Bununla birlikte, en az anlaşılan tortul süreçlerden biri olmaya devam ediyorlar.

Dünya'nın dönüşünün etkisi, kanalın bir tarafında diğer tarafına göre daha fazla tortu birikmesine neden olur.

Bir kanalı oluşturan şey basit değildir. Her çalışma için farklı terimler kullanılır, bunların tümü benzer ancak tamamen birbirinin yerine geçemez tanımlara sahiptir. Güncel, bütünsel bir görüş üretme çabaları oldu, ancak o zamandan beri bile kavramları daha da ileriye götüren önemli sayıda makale oldu.

Geo-gövde , kanal kompleksi , kanal katı , kanal kompleksi seti ve sınırlı kanal kompleks sistemi dahil olmak üzere bu çalışmada yer alan özellikleri tanımlamak için kullanılan çok sayıda terim vardır . Bunlar tek kanalları, tek bir kanalı ve ilişkili çökeltileri veya gruplanmış çoklu kanalları kapsar. Flood (2001), bir kanal-levee sistemini , her iki tarafında birer levye bulunan tek bir kanal olarak tanımlar . Bu setler, bulanıklık akımlarının aşırı dökülmesi ve akıştan sıyrılmasıyla oluşur . Bunlar büyük olasılıkla deniz seviyesindeki alçak tepelerde meydana gelir. Bu kanallardan ve setlerden oluşan bir koleksiyon, banket üstü çökeltileriyle birlikte bir kanal-seviye kompleksi oluşturur.

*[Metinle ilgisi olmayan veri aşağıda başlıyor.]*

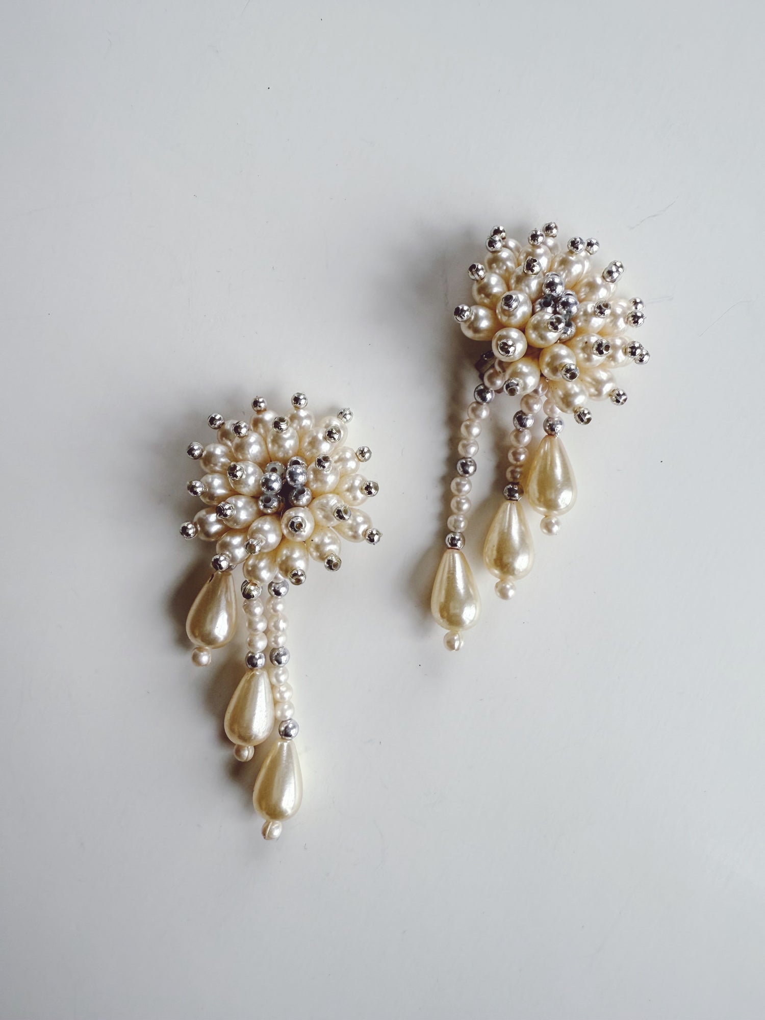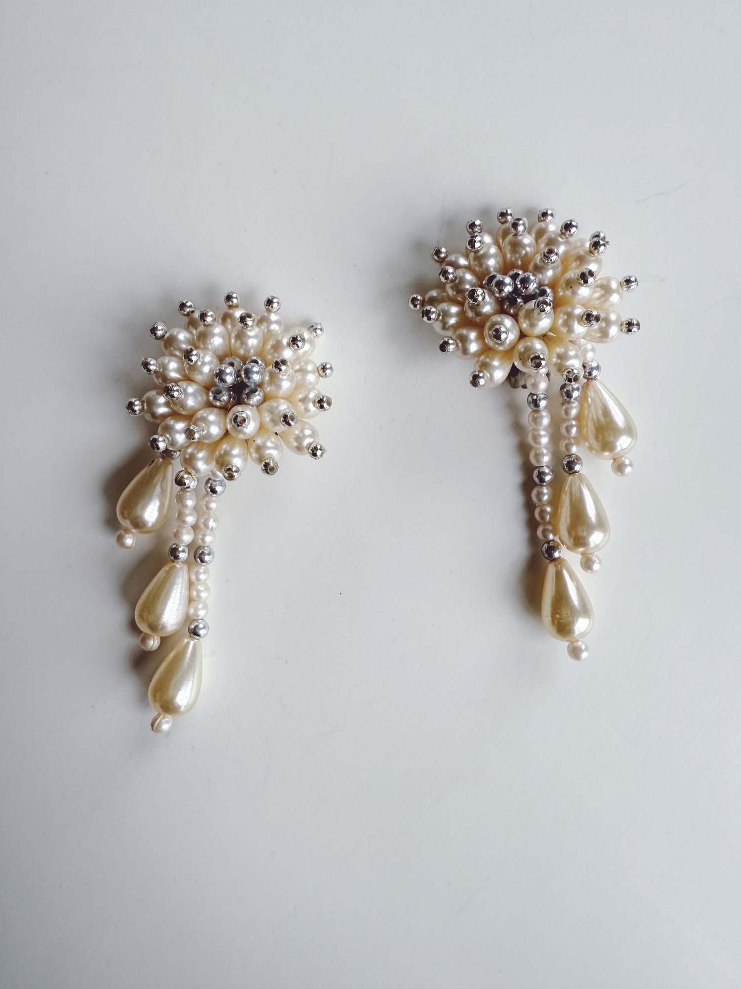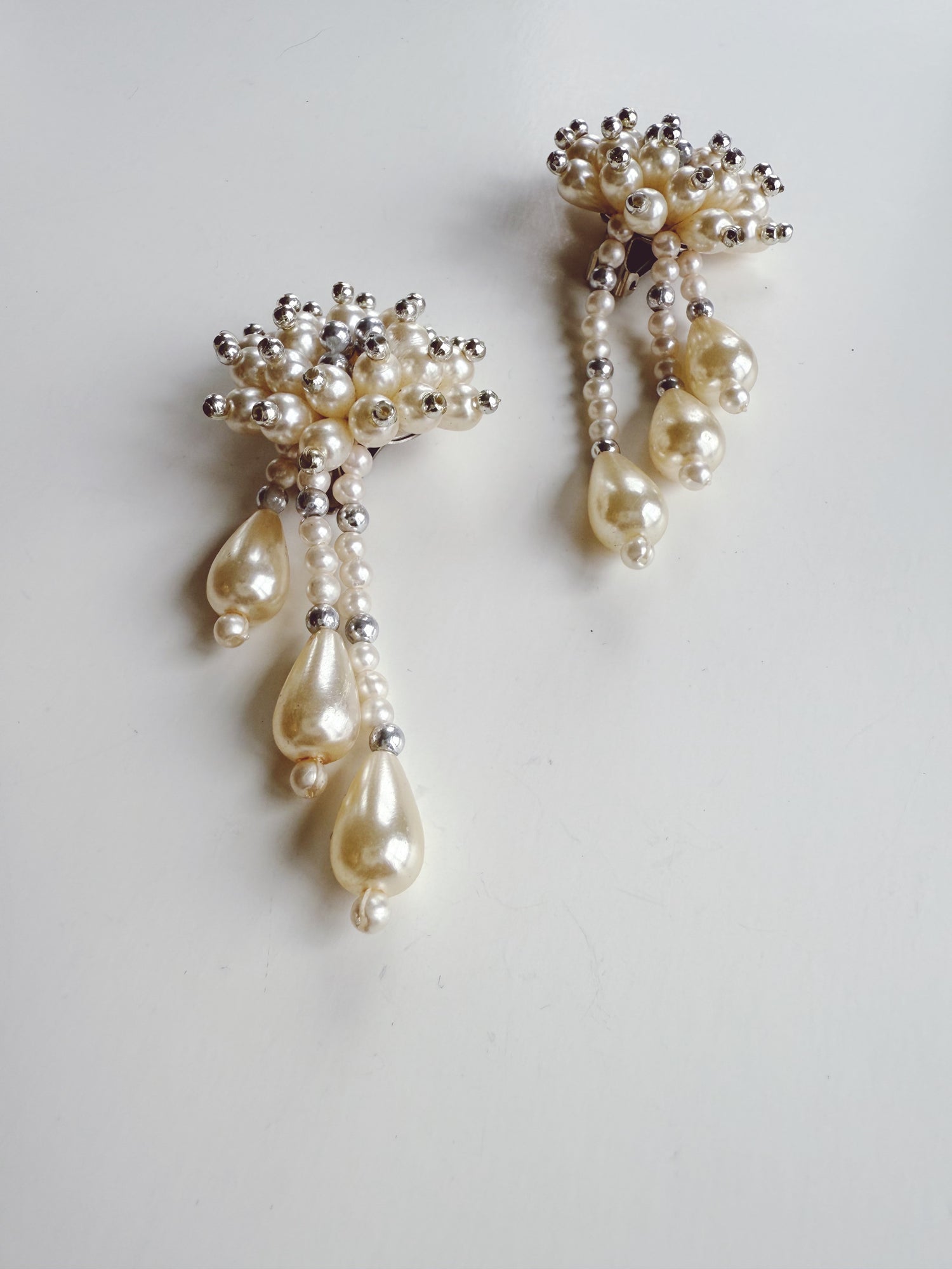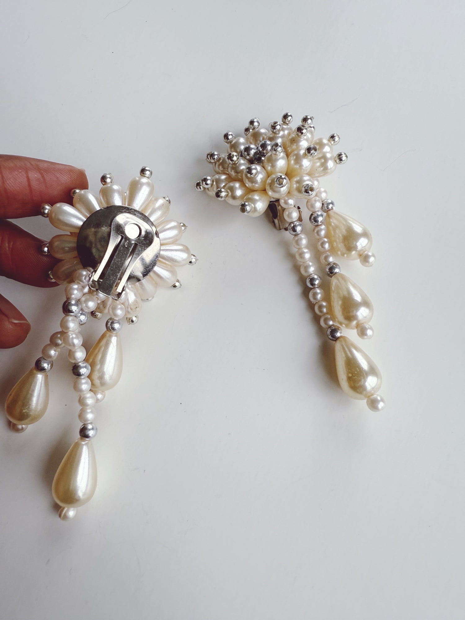 Vintage statement cluster pearl clip on earring. 3.5” long.

V veya U şeklinde olabilirler, birikim kenar boşluklarının varlığına veya eksikliğine sahip olabilirler, oldukça kıvrımlı veya düz olabilirler.

Mimari ve isimlendirme

Ian Kane , literatürde "iç" ve "dış" dizilerin kullanımına ilişkin karışıklığı önlemek için ve dış araç terimlerinin kullanılmasını savunmaktadır . İfadelerin bu şekilde birleştirilmesini daha net bir mimari hiyerarşi içinde teşvik etmeye yardımcı olmak için, bu çalışma Kane'in isimlendirmesini kullanacaktır.

Dış setler, bir kanal kayışından dikey olarak uzaklaşarak incelen yapısal bir tortu kaması oluşturan baskın bir çökelme gövdesidir. Harici su bentleri akışları ile genetik olarak ilişkili kanal bandının (veya eğimli vadi, kanal serbest geçit) evriminde formları kısmen kapatılmalarının dışarı dökmek olduğu. Dış setler, sınırlandırılmış sistemler oluşturmak için bitişik kanal kayışlarını sınırlayabilir. Dış setler, belirli bir kanalı takip etmedikleri için tek bir kanal-levee sisteminin setlerinden çok daha az kıvrımlı olabilirler, ancak bir veya daha fazla kanaldan aşırı dökülmenin ürünü veya daha geniş kanal-kayışı içinde kıvrımlı kanal-seviye sistemlerinden olabilirler. Levee tepesi dış levee en yüksek noktası, ve çalışır dış dış ve setler iç dış setler halinde dış setlerin ayrılması, kanal bandının olarak paralel.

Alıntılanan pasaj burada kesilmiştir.